PansyPetunia · 30/06/2022 19:46

How are you presently affording/paying for childcare?

PansyPetunia · 30/06/2022 19:46

Oh ffs just seen it's a zombie thread I was answering!!!

Just start your own thread?

InChocolateWeTrust · 30/06/2022 19:51

Go for the long game. While your current situation isnt ideal, its cheap/free. Can you use this time (with 30 hour childcare funding) to train for something with better pay prospects?

InChocolateWeTrust · 30/06/2022 19:56

@Lovisa85
You are barely 3m pregnant and already know you will be a single parent? Hope I dont offend but if the father is buggering off this fast is keeping his child definitely the best option for you all? Are you likely to get any child maintenance?

How is your mum going to come? Is she entitled to live in the uk? There are a lot of conditions to be able to bring a dependant family member to the UK, it's very difficult.

You can private rent now but a contract may require you to notify your landlord of either the addition to your family or the use of benefits towards rent and you may face eviction.

Lovisa85 · 01/07/2022 07:51

The father of the child shows no interest so far, he might appear later, but I can't count on him. I am not sure if he would pay child maintenance as we are not in touch at all. I know I have chosen a tough path for myself, but having an abortion is not an option for me.
My mum would not live in the country permanently. She would come to help me out for some time but would not stay to live with me.
I feel like telling landlords about getting housing benefits puts them off renting properties to single parents. I am just wondering how they manange to find the accomodation.
I have some savings, I might just about manage to buy but again it would mean that I am putting all my money to the morgage and would have no spare money aside.

Lovisa85 · 01/07/2022 07:57

I was thinking while I am on maternity leave look for a flexible job from home.

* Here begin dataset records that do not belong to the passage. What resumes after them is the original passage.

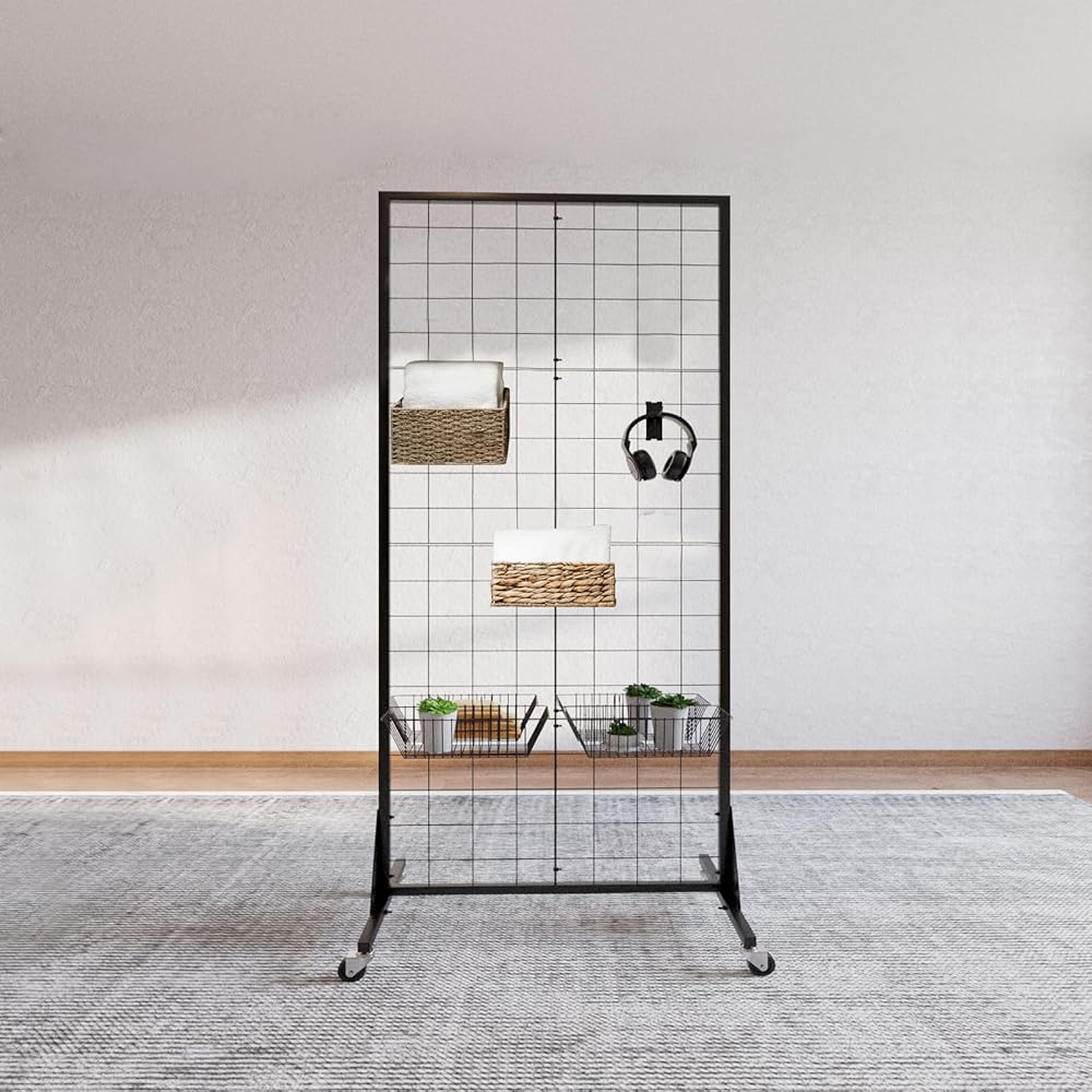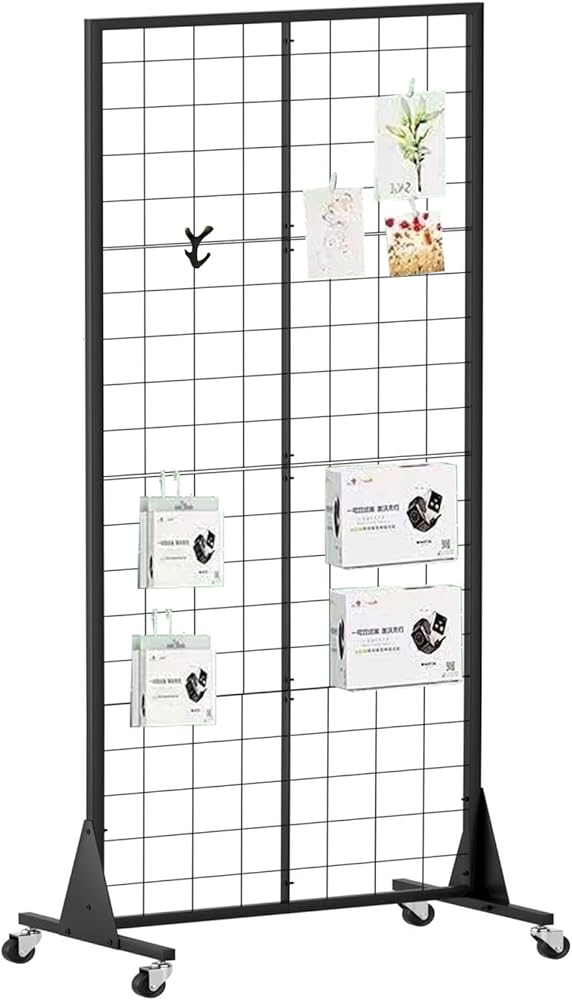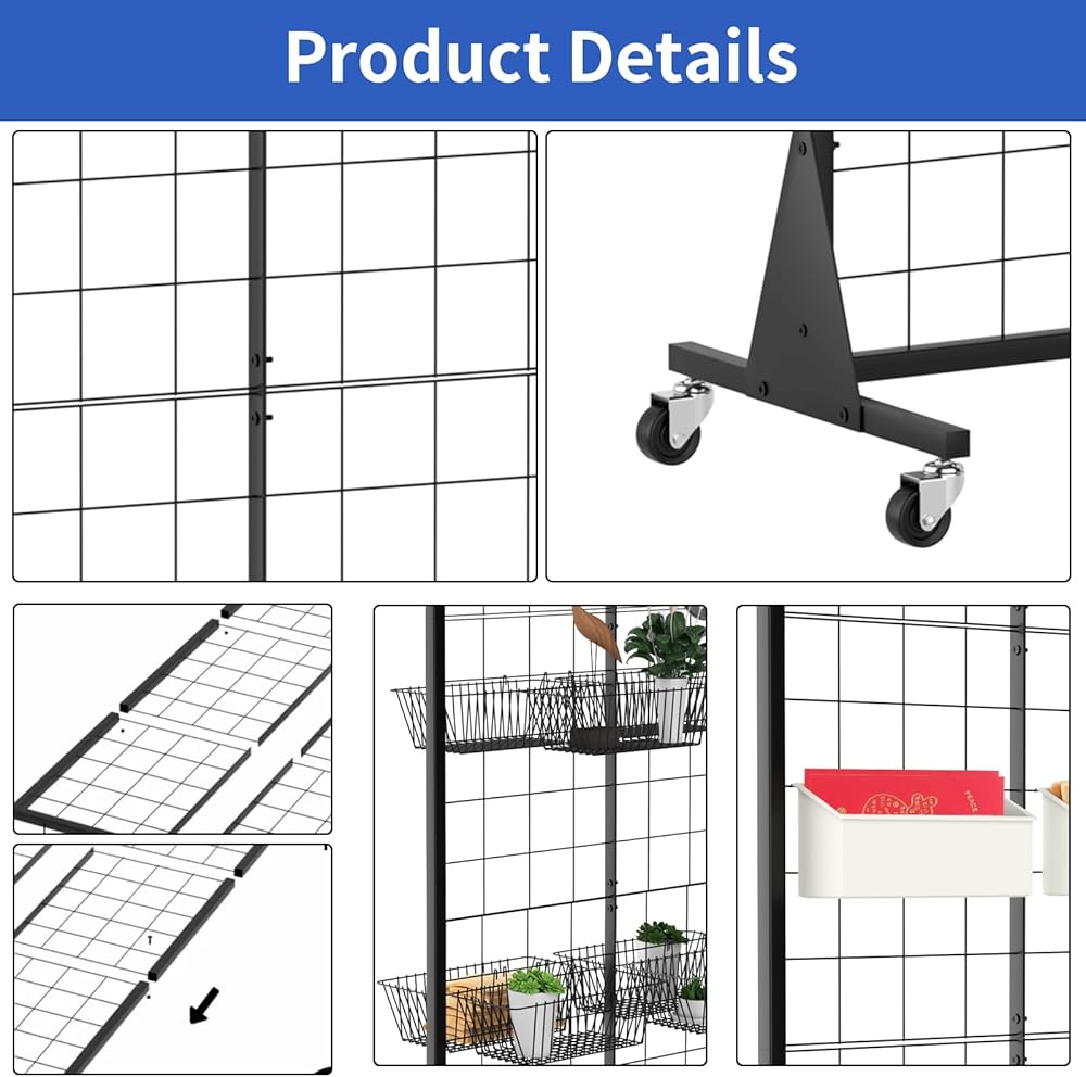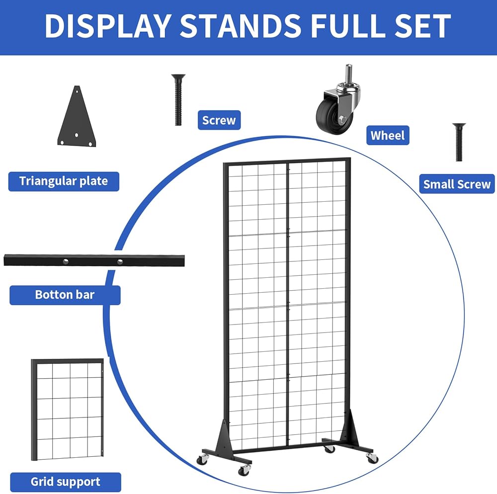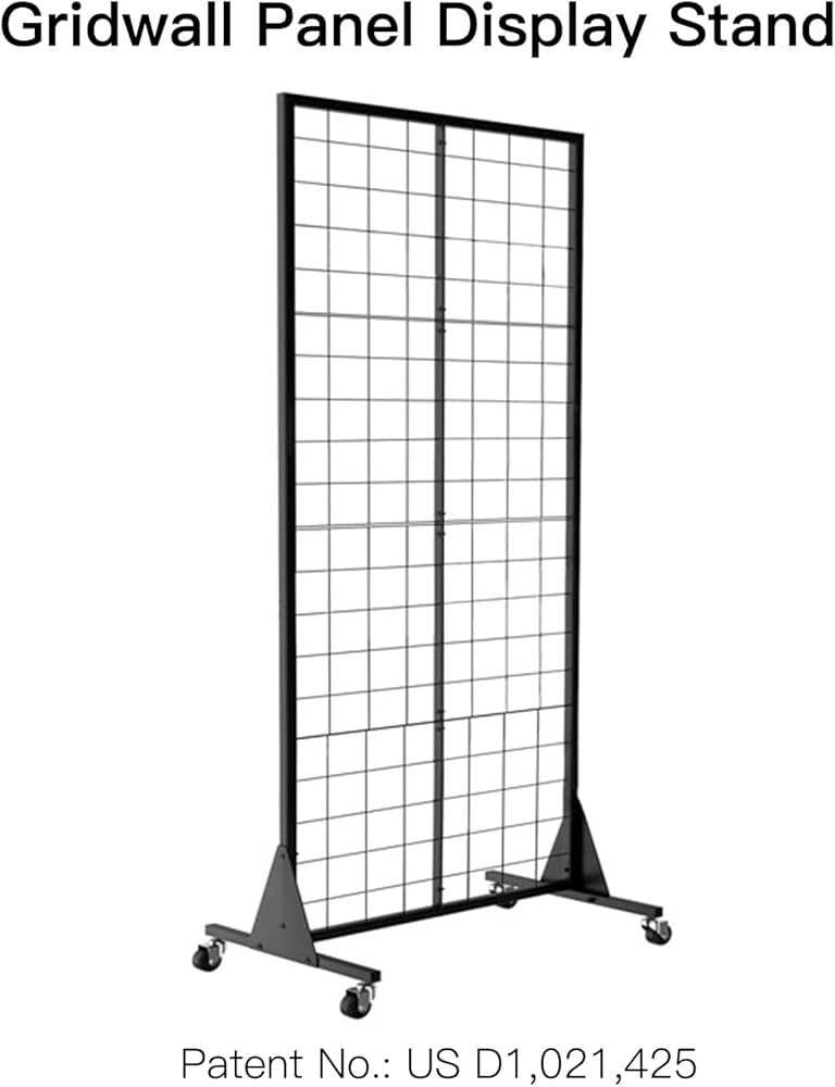 حامل عرض لوحة Gridwall، حامل أرضي عالي التحمل مقاس 2 × 5.5 بوصة مع جدار محيطي قابل للفصل، عجلة صامتة متحركة، سهل النقل، مثالي لمعارض البيع بالتجزئة والحرف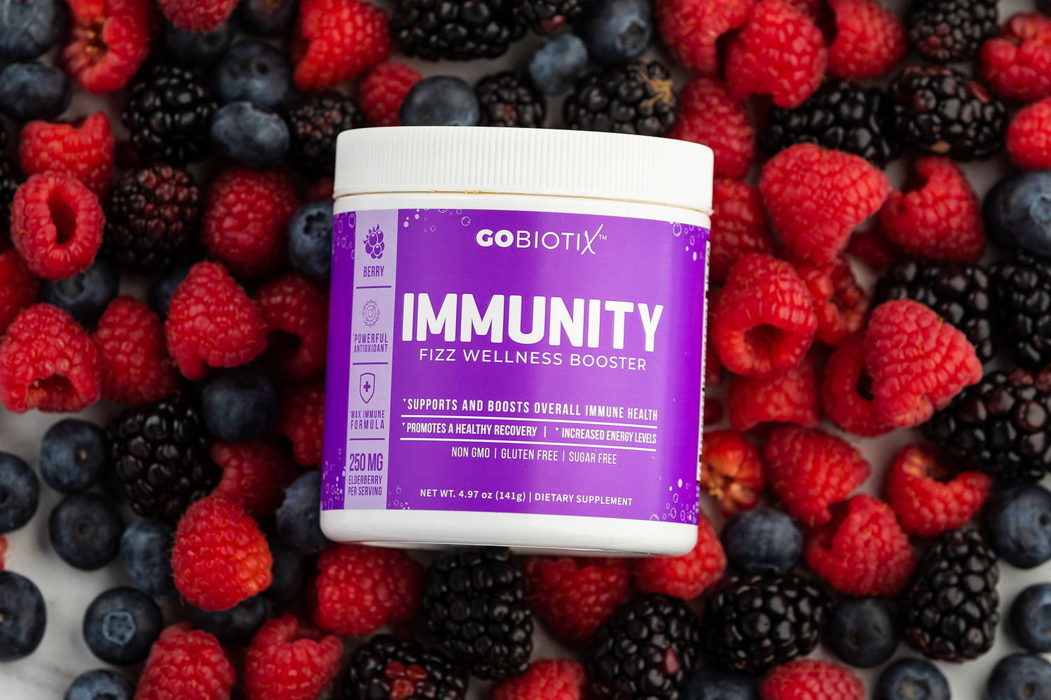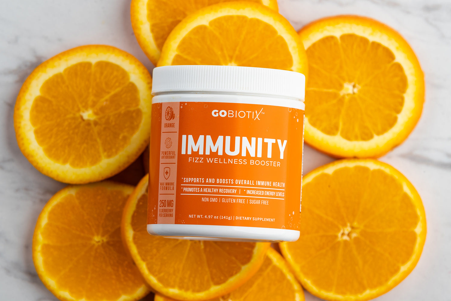 Mix one scoop into 6–8oz of water for a delicious, fizzy immune boost – no sugar, no gluten, no GMOs. Just clean, science-backed nutrition from GoBiotix.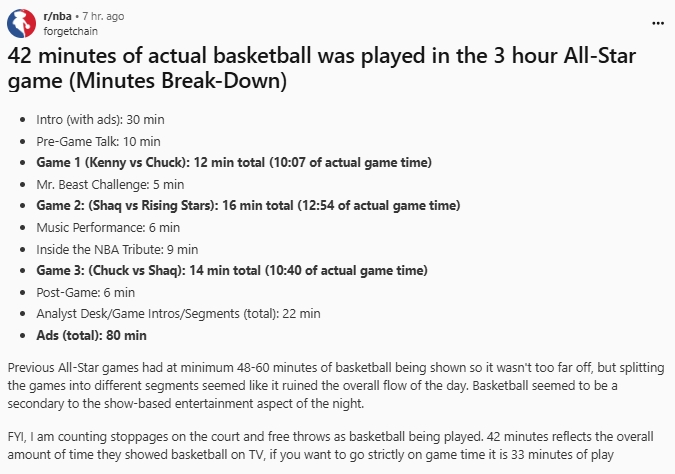 今日改制后的全明星正赛引来多方吐槽,甚至有网友晒出了今日的实际比赛时长,结果也是相当夸张。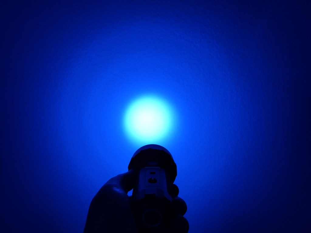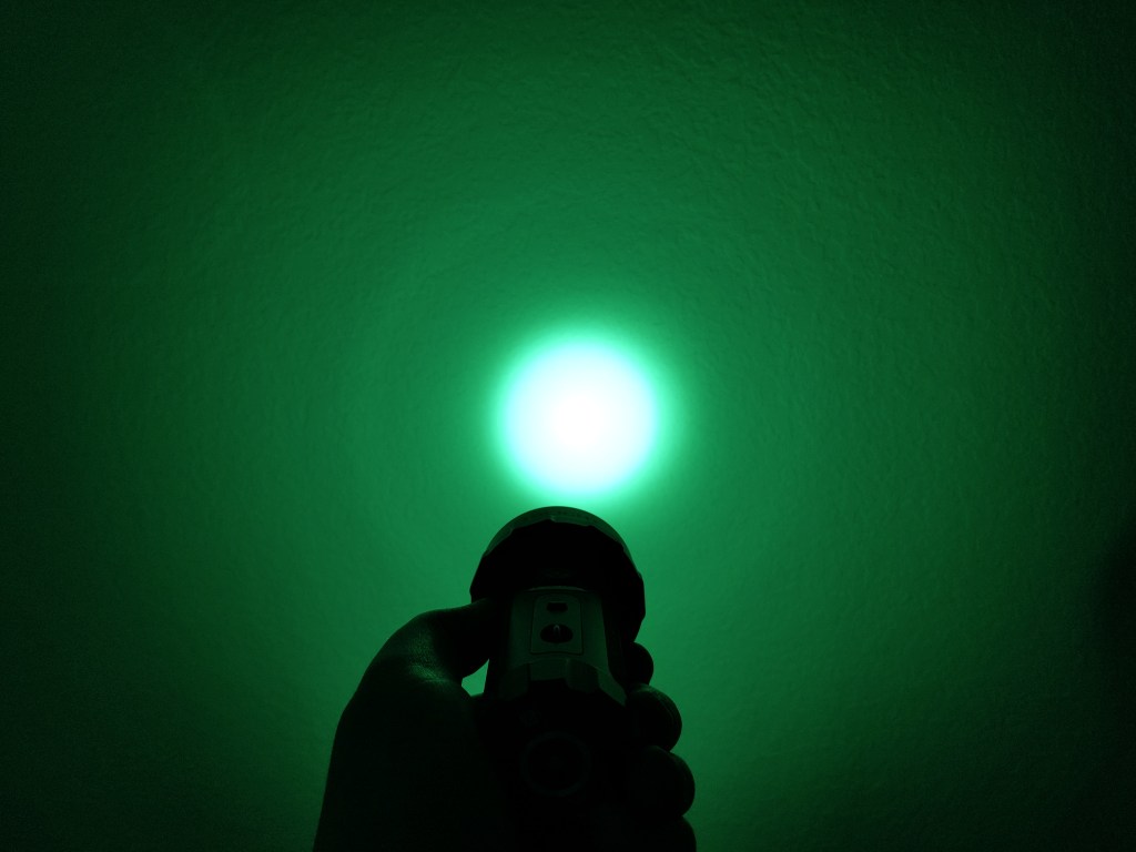 Regulation performance for white light is ok. It’s not great, but it’s about what I’d expect from a “7000 lumen” single-cell flashlight. You really only get full brightness performance with a near-full battery, even in the low-output spotlight channel. Generally, I like to see full brightness achievable with a half charge or more. The colored LEDs provide full output until the battery is near empty. This is advertised as a 7000-lumen light, but it’s really more of a ~2500-lumen light with a 5000-lumen bonus mode if the battery is full.

BeaAndTiscuits · 01/07/2022 10:13

@Lovisa85 I am a single parent renting now, it took me about 2 months to find a place but I live in a very busy city so it's hard to get accommodation anyway, no matter your situation. When I applied for a property I had to either have 6 months rent in advance or have a guarantor. The letting agent I am with have been amazing too, I had a guarantor, filled the application and had some credit checks done. They've given me food parcels a few months too. So not all letting agents and landlords are against those on benefits, just he completely honest with them, I'm sure a great place will come along soon.
As for your mum, im not sure how it would work for benefits. I claim universal credit but it's just me and my daughter. There is a really helpful Facebook group you could join and they can give you the amount you'd be entitled to and how it would work with your mum being there too as . They know alot and are really helpful, it's called "universal credit survival". Good luck with everything.

OP posts:
Lovisa85 · 01/07/2022 10:30

Thank you very much, I will look for this group on facebook. I know I do not need to rush just yet, but I want to be everything ready for a baby when he/she arrives and it's easier to move out while I am still phisically able to pack my stuff :D
My mum would not be able to be there all the time for me, so I would be a single parent raising the child on my own, so I believe I would be entitled to child benefits and I hope that baby's father will come to his senses and eventually will decide to lift a finger to help me out.